On 13 February 2015 at 08:02, Steven Ericsson-Zenith <steven@xxxxxxx> wrote:
That deserves an "Amen, Brother!" from me ... :-)
On Thu, Feb 12, 2015 at 9:29 PM, John F Sowa <sowa@xxxxxxxxxxx> wrote:
Dear David and Steven,
Re the word 'mathematician': I used it only because I was repeating
the word that Alex had used. The question about word usage is
irrelevant to the matter.
> The confusion came from holding truth to be something in the world.
I agree that truth always involves language, either a natural
language or some version of logic.
> Engineering is a fine profession and there is no shame in using the term
The idea of a value judgment that puts philosophers above people who
actually work for a living comes from Plato. It was fueled by the fact
that only people who were independently wealthy could afford to spend
time debating metaphysics. And it is reinforced by academics who want
an excuse for not being wealthy.
Aristotle was somewhat more balanced, since his father was a physician
who had to do empirical studies and messy work in treating sick people.
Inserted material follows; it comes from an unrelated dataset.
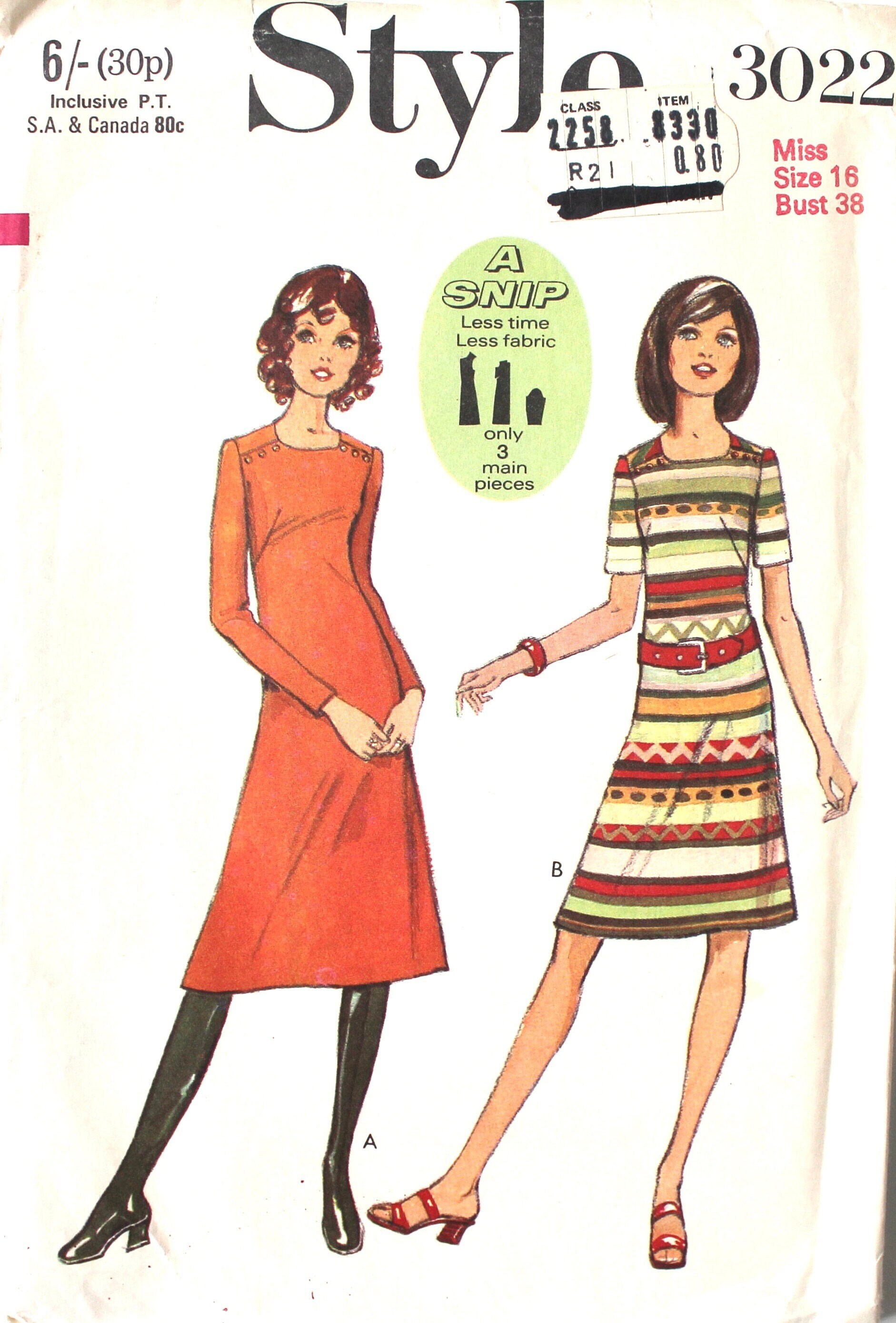 Back Zippered Dress Bust 38 Style 3022 Vintage Sewing Pattern Etsy

In any case, there are a lot of engineers who are as smart or smarter
than many so-called scientists.
In 19th c England, scientists were expected to be independently
wealthy. Faraday was barred from the Royal Society because he had
to work for a living.
I have no sympathy for that attitude.
> At which point does engineering become science?
Never! Computer science, for example, is a branch of engineering
in most universities. Anybody who writes a patent is an engineer.
The amount of mathematics they know or use is irrelevant.